• TASK REQUIREMENTS:
The listing below should be printed in full and exactly, apart from its images.

• RECORDS:
★ ★ ★ ★ ★

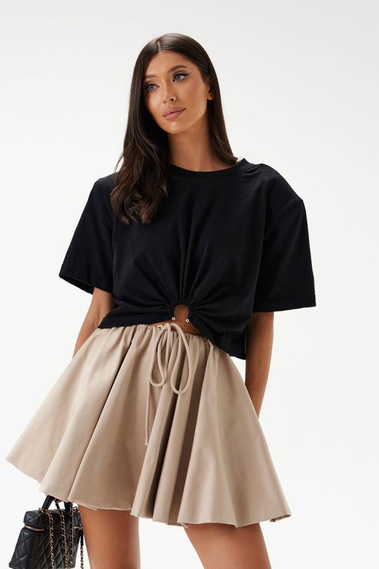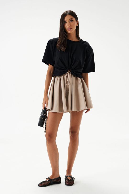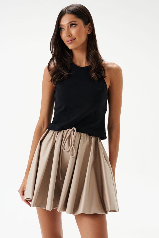 Юбка-баллон, выполнена из текстильной ткани песочного цвета. На хлопковом подкладе. Расширенная к низу. Пояс на резинке со шнурком-завязкой.
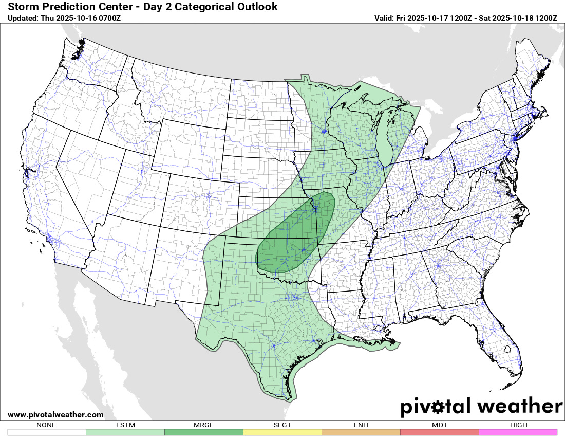 By Friday the marginal risk will shift east into areas from Oklahoma into western Missouri.
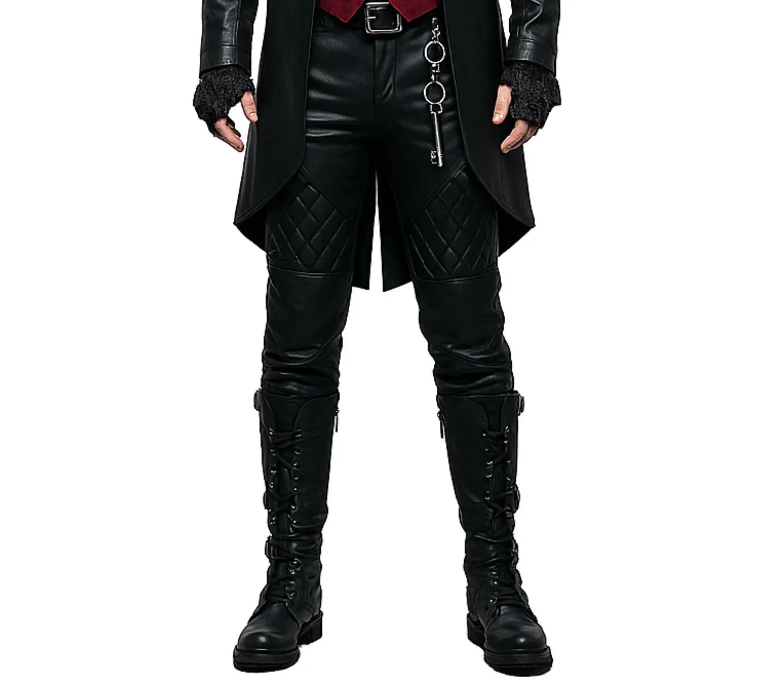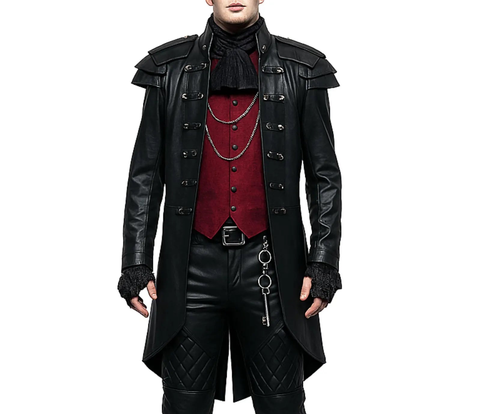 Complete with silver chains, military-style buckles, quilted leather pants, and gothic accessories like lace cuffs and a jabot cravat, this outfit is tailored for the bold — perfect for vampire lords, gothic aristocrats, or dark-themed stage performers.
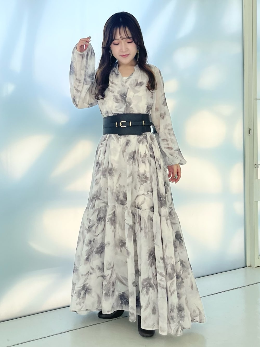 aivee(MERCURYDUO)のワンピース「フラワーギャザーマキシワンピース」を使ったコーディネート
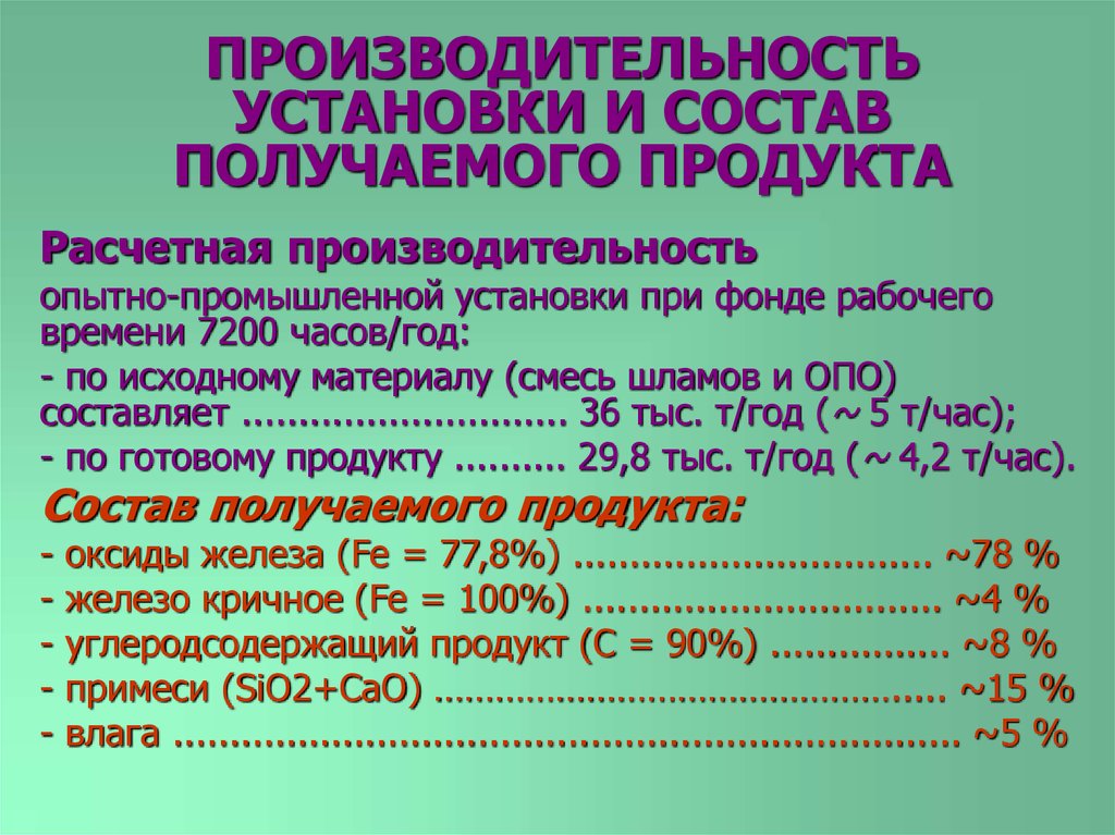 ПРОИЗВОДИТЕЛЬНОСТЬУСТАНОВКИ И СОСТАВ

★ ★ ★ ★ ★

• TASK SOLUTION:
 Юбка-баллон, выполнена из текстильной ткани песочного цвета. На хлопковом подкладе. Расширенная к низу. Пояс на резинке со шнурком-завязкой.
 By Friday the marginal risk will shift east into areas from Oklahoma into western Missouri.
 Complete with silver chains, military-style buckles, quilted leather pants, and gothic accessories like lace cuffs and a jabot cravat, this outfit is tailored for the bold — perfect for vampire lords, gothic aristocrats, or dark-themed stage performers.
 aivee(MERCURYDUO)のワンピース「フラワーギャザーマキシワンピース」を使ったコーディネート
 ПРОИЗВОДИТЕЛЬНОСТЬУСТАНОВКИ И СОСТАВ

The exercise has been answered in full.